Besides the standard household items etc that need to figured out when you break up with someone, we also had a dog. Maddie was the family dog from the evil twin’s first marriage and when his son got a new dog at his mom’s house, I got to keep Maddie with me full time. We’re pretty good buddies. I give her too many treats, pizza crusts and crackers; let her sit on the couch, take her for rides to the places that give treats and get her some at the places that don’t (ie – McDonald’s – who doesn’t love a fry?), buy her more toys than some toddlers have and let her go outside without a leash on. I think she appreciates it, she sticks pretty close to me. But she’s not mine. She belongs to Steve’s family and Steve is her person. She gets more excited to see him than anyone else. And sometimes I thought he loved her more than anyone else.

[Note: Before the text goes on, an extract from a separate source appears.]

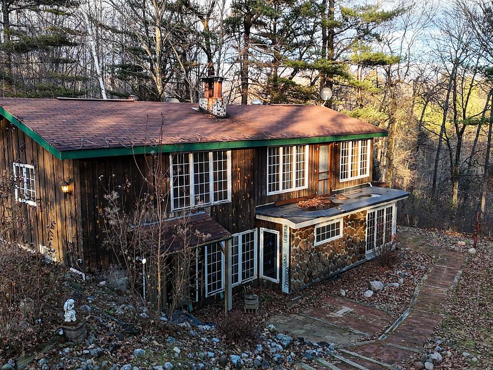 Discover this quirky, rustic Northwoods retreat set on 9.82 acres with pond access, offering peace, privacy, and endless potential! This 3BR, 1.5BA home brings lots of character. Step inside to an inviting open living room, with a cozy wood stove, connected to the open dining area and kitchen. Two of the bedrooms feature large closets and one bedroom overlooks the pond. A screened porch provides the ideal spot to enjoy morning coffee, watch wildlife, or simply take in the water views. Outside, the impressive 32' x 32' detached heated garage offers ample room for vehicles, toys, hobbies, and includes additional storage above. With 9.82 acres to explore, this property is a fun, unique escape with room to grow, create, and enjoy the outdoors. The pond is a great place for ice skating in winter or paddling in the nicer months. A truly quirky and lovable property with tons of potential…come experience its charm for yourself!

So being the person I am, I was conflicted. Do I jockey to keep the dog with me, knowing that is just another thing that keeps me tied to this relationship I so badly need closure on or do I let her go back to her people in order to try to make a cleaner break? I don’t want to keep her and Steve apart but I also don’t want him coming over to see “his” dog once all the moving is done. After thinking and talking and thinking some more, I realized the best thing to do was to send her back to her first family. So tomorrow, she too is moving out. She’s going to live with Steve’s oldest son who will take good care of her and walk her and love her, but most importantly, she will able to see all her people regularly. I’m hoping she’ll come by and visit sometimes. I’m keeping the good cookies just in case.

I’m going to miss her so much but I’m trying to focus on the benefits of living dog free. For example, she is a shedder and black lab. There is probably enough dog hair around here to make like 6 wigs for dogs with male pattern baldness. I’m not going to have to start my day anymore by picking up a huge pile of warm dog crap with only a thin plastic bag to protect my skin from actual direct contact with said crap. I will be able to forget to put the garbage can away and not come home to the entire contents of the garbage can displayed on the kitchen floor as my punishment for leaving the house with out her.
I’m at the point now where I can see the end of all this clean up crap- the light at the end of the tunnel so to speak- Things have been moved out – not all – but some- enough to notice. I’ve been able to start taking over more spaces and spreading out and it’s working out nicely. It’s actually fun to start moving things around and decorating my way ( read as pink and flowers EVERYWHERE) The books, dishes, towels and most other things have been split up. I’m optimistic that this will all be done in a week or two and then I can really start finding my new normal. And once that happens, its only a matter of time before I can put all this stupid crying and sadness and anger behind me and really just focus on living my own best life.
But if you know me at all, you know that once I’m done being sad, that’s when things are going to get super amusing. Now it’s been like 7 years since I’ve been “dating” and I can only imagine the sweet, sweet cringe worthy stories I will have for you when I do get back out there. I can tell you this with certainty though – all other traits aside – all of the men I consider for dating are going to eat cheese.